TASK PROMPT » In the records below, find the line with "Die Ringbettungen hinterlassen" and repeat exactly every line from it through the line with "Sjovt SunnyLife undervandskamera". Pictures stay out.

AVAILABLE DATA »
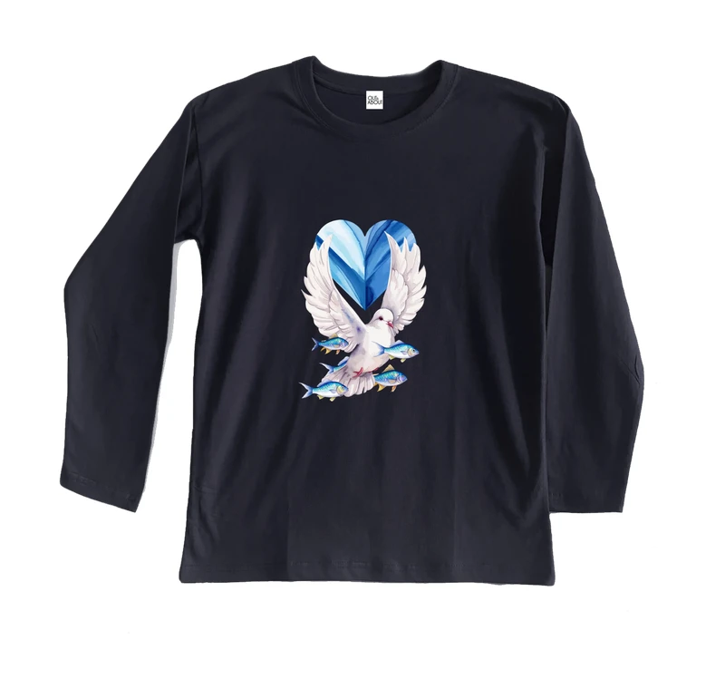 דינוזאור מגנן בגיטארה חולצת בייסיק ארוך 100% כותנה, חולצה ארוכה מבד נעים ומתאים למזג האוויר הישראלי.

...

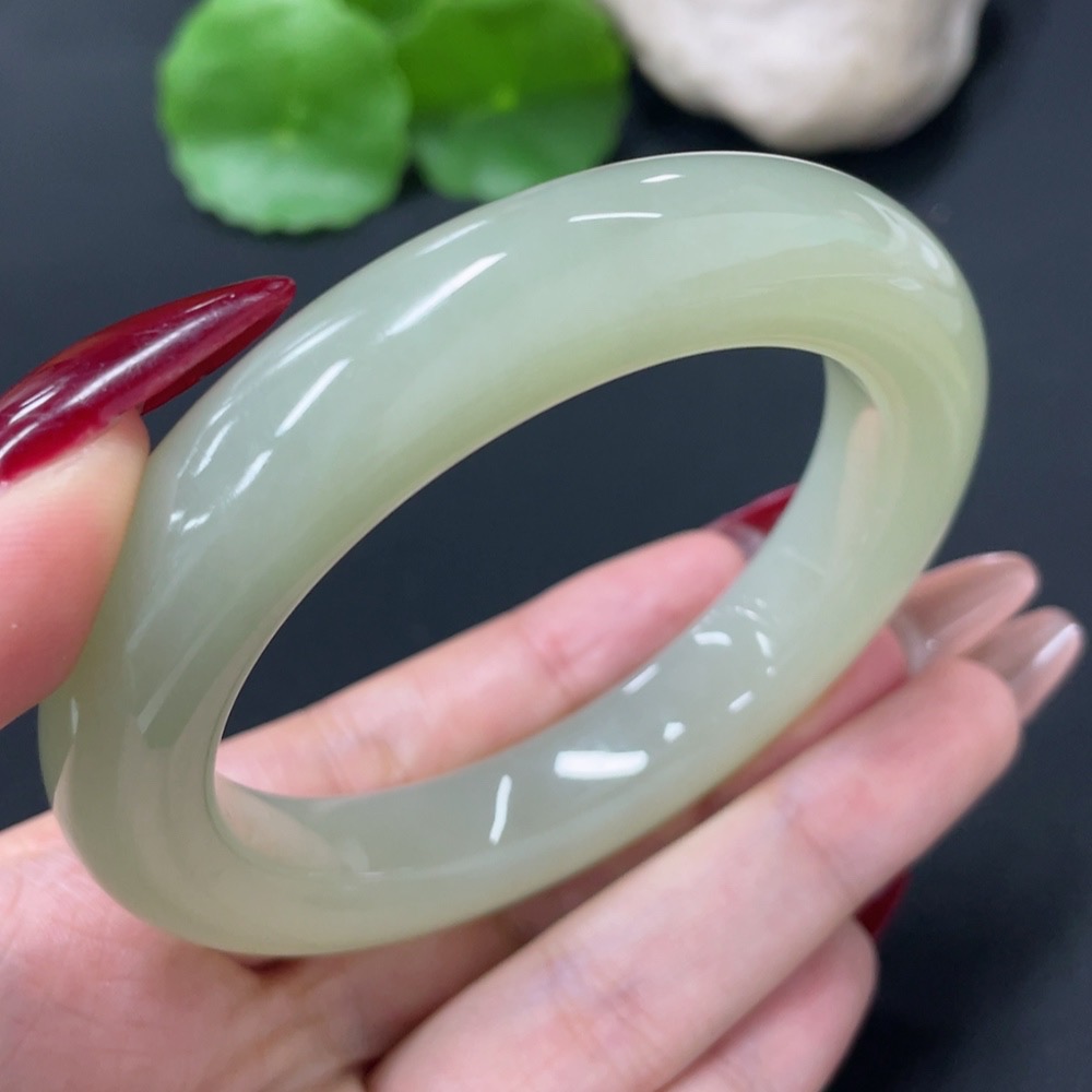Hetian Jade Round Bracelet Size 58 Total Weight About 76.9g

* * *

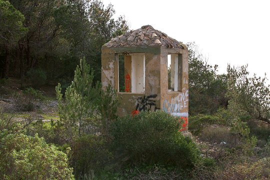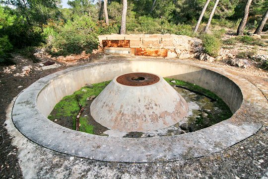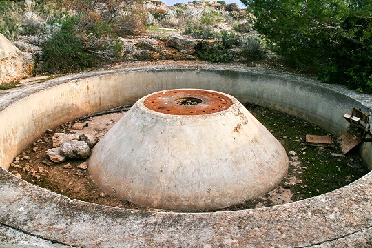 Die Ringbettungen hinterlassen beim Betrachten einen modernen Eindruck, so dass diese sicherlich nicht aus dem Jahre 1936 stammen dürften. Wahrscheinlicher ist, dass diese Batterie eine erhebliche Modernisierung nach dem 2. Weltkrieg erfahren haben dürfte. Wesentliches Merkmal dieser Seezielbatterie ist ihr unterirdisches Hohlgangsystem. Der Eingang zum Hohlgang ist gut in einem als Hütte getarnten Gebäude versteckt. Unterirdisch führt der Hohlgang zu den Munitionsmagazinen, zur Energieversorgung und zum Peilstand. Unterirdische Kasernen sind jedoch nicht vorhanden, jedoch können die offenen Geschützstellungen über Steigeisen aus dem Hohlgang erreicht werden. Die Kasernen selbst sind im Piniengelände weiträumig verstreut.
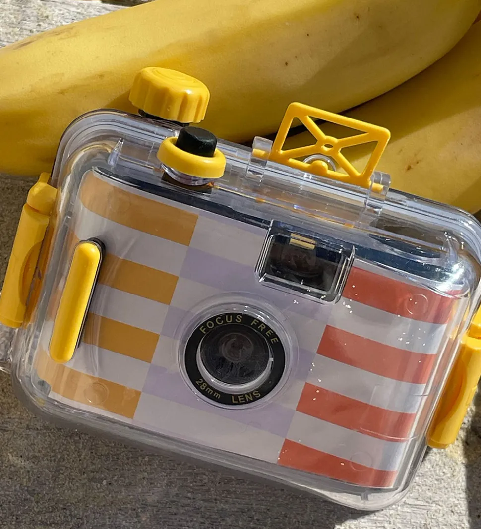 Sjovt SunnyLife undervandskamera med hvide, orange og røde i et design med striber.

SOLVED EXERCISE »
 Die Ringbettungen hinterlassen beim Betrachten einen modernen Eindruck, so dass diese sicherlich nicht aus dem Jahre 1936 stammen dürften. Wahrscheinlicher ist, dass diese Batterie eine erhebliche Modernisierung nach dem 2. Weltkrieg erfahren haben dürfte. Wesentliches Merkmal dieser Seezielbatterie ist ihr unterirdisches Hohlgangsystem. Der Eingang zum Hohlgang ist gut in einem als Hütte getarnten Gebäude versteckt. Unterirdisch führt der Hohlgang zu den Munitionsmagazinen, zur Energieversorgung und zum Peilstand. Unterirdische Kasernen sind jedoch nicht vorhanden, jedoch können die offenen Geschützstellungen über Steigeisen aus dem Hohlgang erreicht werden. Die Kasernen selbst sind im Piniengelände weiträumig verstreut.
 Sjovt SunnyLife undervandskamera med hvide, orange og røde i et design med striber.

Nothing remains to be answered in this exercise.